Ao falar sobre a luta, “Golden Boy” rasgou elogios a Wendell Giacomo e garantiu que a vitória só foi possível graças ao excelente trabalho feito por sua equipe:

“Vi alguns vídeos do meu adversário e sabia que ele era um cara muito duro. Explosivo, muito forte, sabia que ele iria querer me pressionar e se eu deixasse que isso acontecesse, eu teria problemas. Tranquilo nunca é. Eu estava pronto para lutar 5 rounds porque sabia que o Wendell era um guerreiro e que ele não iria desistir da luta tão fácil. Mas sou um cara privilegiado por ter uma equipe muito forte que é a CM System. Treinamos muito e buscamos lutar com inteligência, esse é o nosso diferencial. Meus treinadores abriram minha cabeça desde o começo e me mantiveram focado na estratégia. Se não fosse eles, a luta poderia ter terminado de outra forma. Eles conseguiram me deixar focado o tempo todo e assim ficou mais fácil conquistar a vitória.” – conta o campeão.

(Foto: Future MMA)

Sempre calmo e sereno, Cado se diz feliz por ter conquistado o cinturão do Future MMA, mas garante que isso não vai mudar sua postura e que vai manter os pés no chão, em busca de novos desafios:

“Eu fiquei muito feliz em ter conquistado esse cinturão. É fruto de todo um trabalho duro. Mas sou tranquilo, acho que isso não muda nada. Vou me manter focado, treinando, pronto para defendê-lo. Nada mudou.”

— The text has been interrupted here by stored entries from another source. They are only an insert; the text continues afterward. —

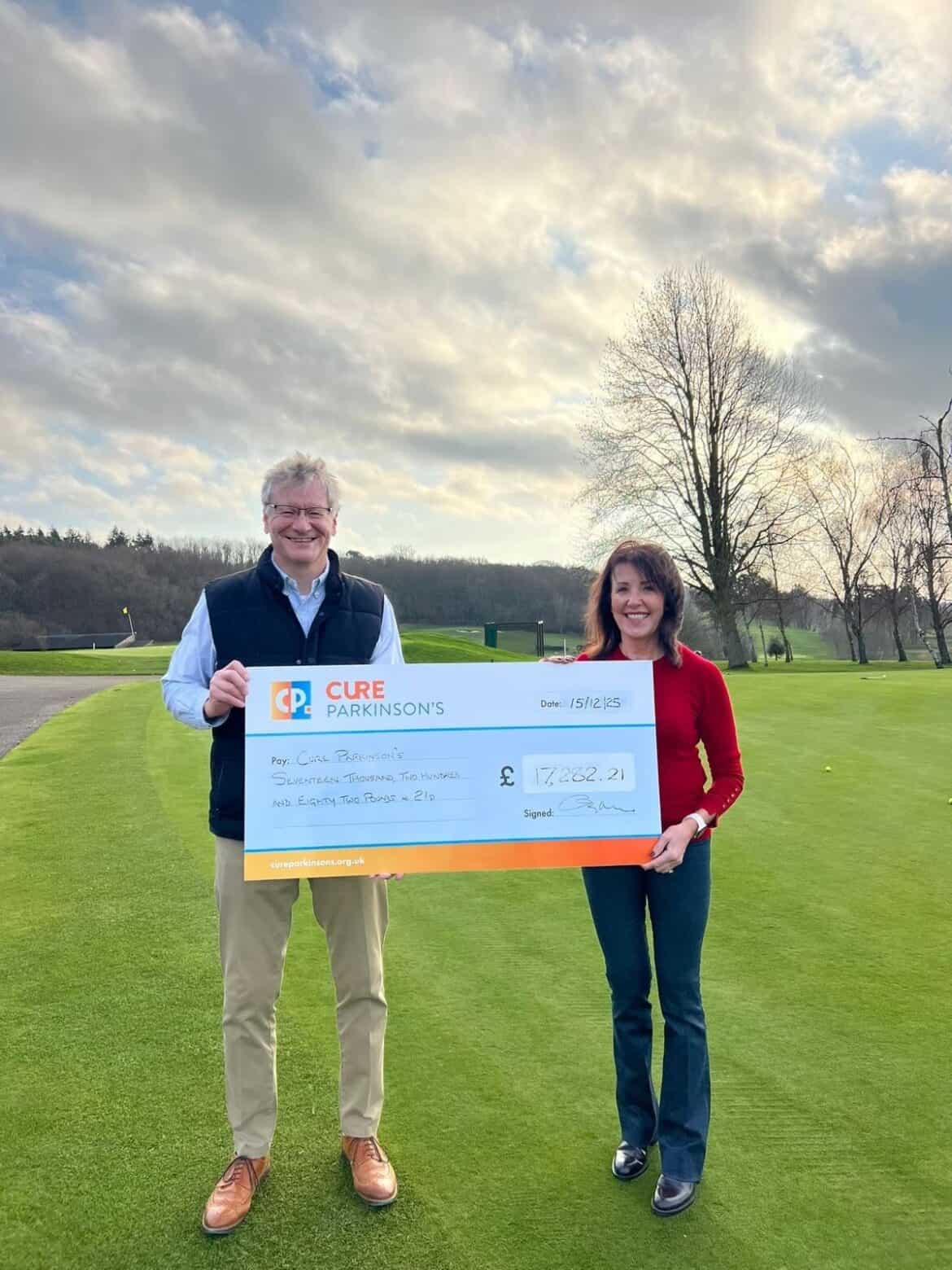 To mark the achievement, Cure Parkinson’s chair of trustees Mike Ashton visited Harewood Downs to receive the cheque in person.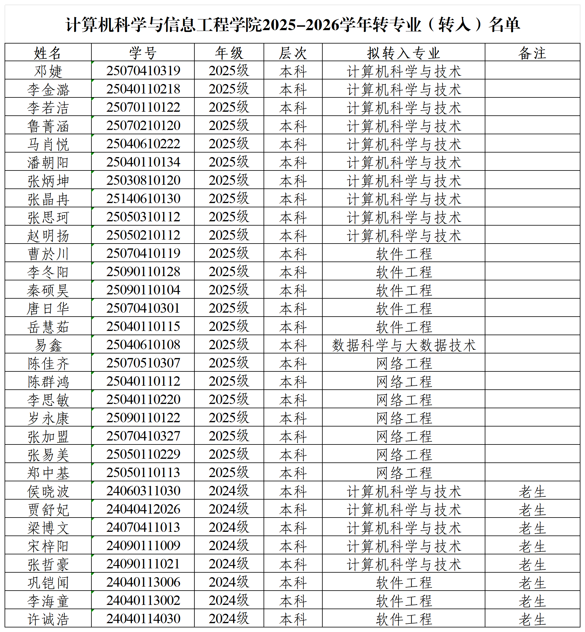 根据《qy太阳成集团tyc33455cc员工转专业管理办法》,经员工申请、资格审核及笔试面试等环节,现将2025-2026学年同意转入员工名单公示如下,公示期从2026年3月11日至2026年3月13日,共计3个工作日。公示期内有异议的,可通过电话等形式进行反映。
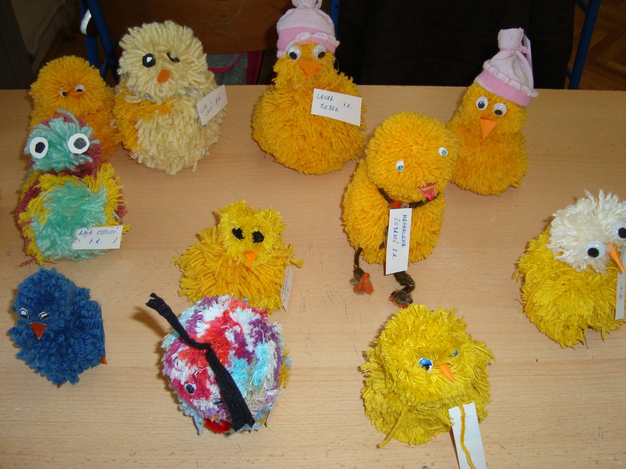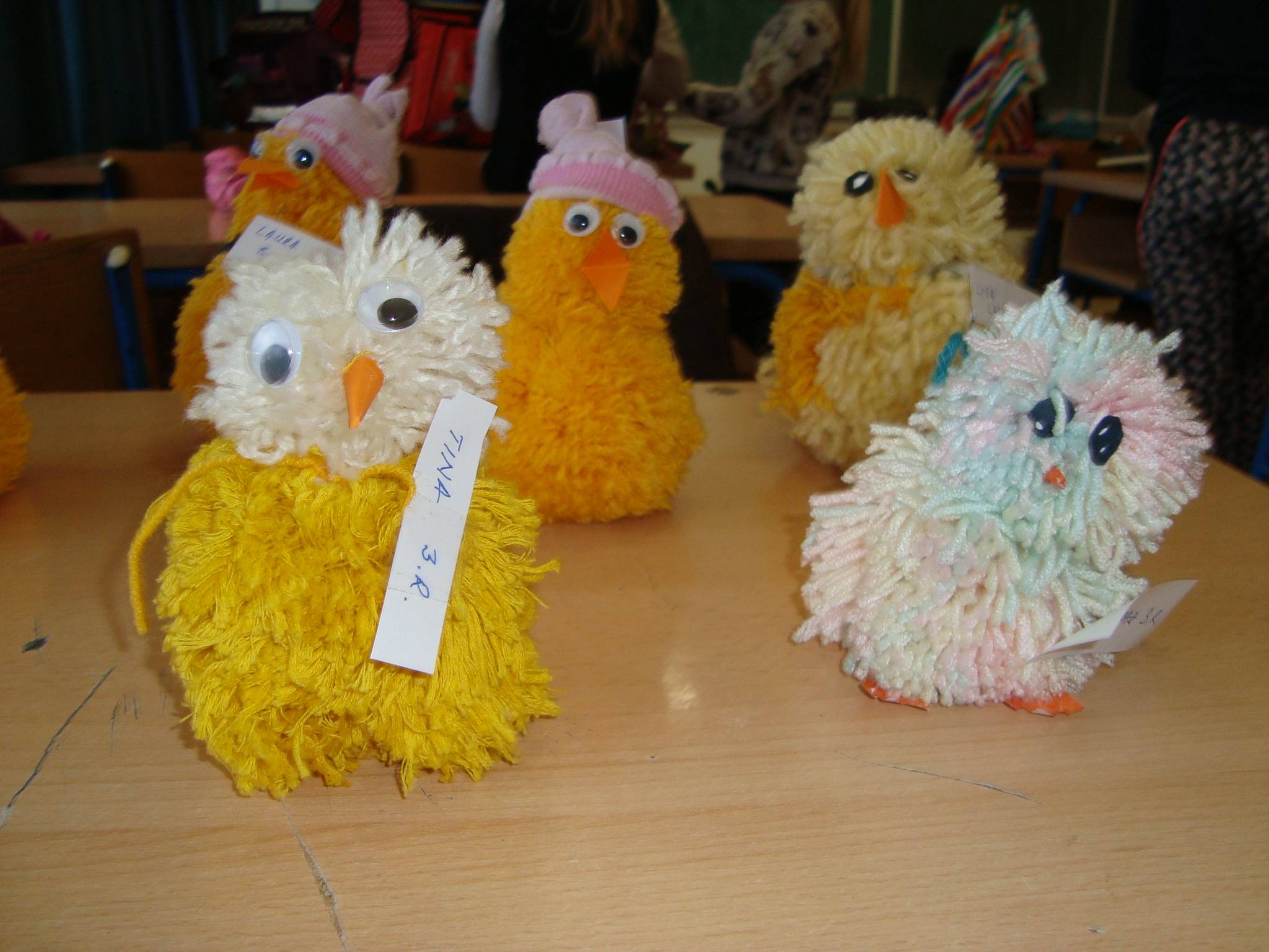Vrijedne ruke naših učenica za Uskrsni sajam pripremile su piliće od vune i ukrasne posude koje su omotale pletenicama od tkanine.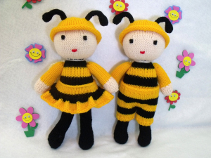 • Toy doll knitting pattern. Cuties. Honey bee dolls. PDF instant download knitting pattern.

Perguntado sobre qual será o seu próximo passo na carreira, Luiz Cado afirma não fazer muitos planos. Seu maior desejo é continuar lutando, não importa a organização:

“Eu não quero recompensas. Eu gosto de lutar, de treinar, de fazer dieta. Quero continuar lutando, esse é meu objetivo. Quem sabe eu não possa ir em busca do cinturão do LFA em breve. Trazer outro cinturão para a CM System. Ou então lutar em uma edição do Future fora do Brasil. Seria ótimo! UFC, Bellator, qualquer lugar. Onde eu estiver lutando, estarei feliz. Continuar lutando é tudo o que eu quero!” – finaliza.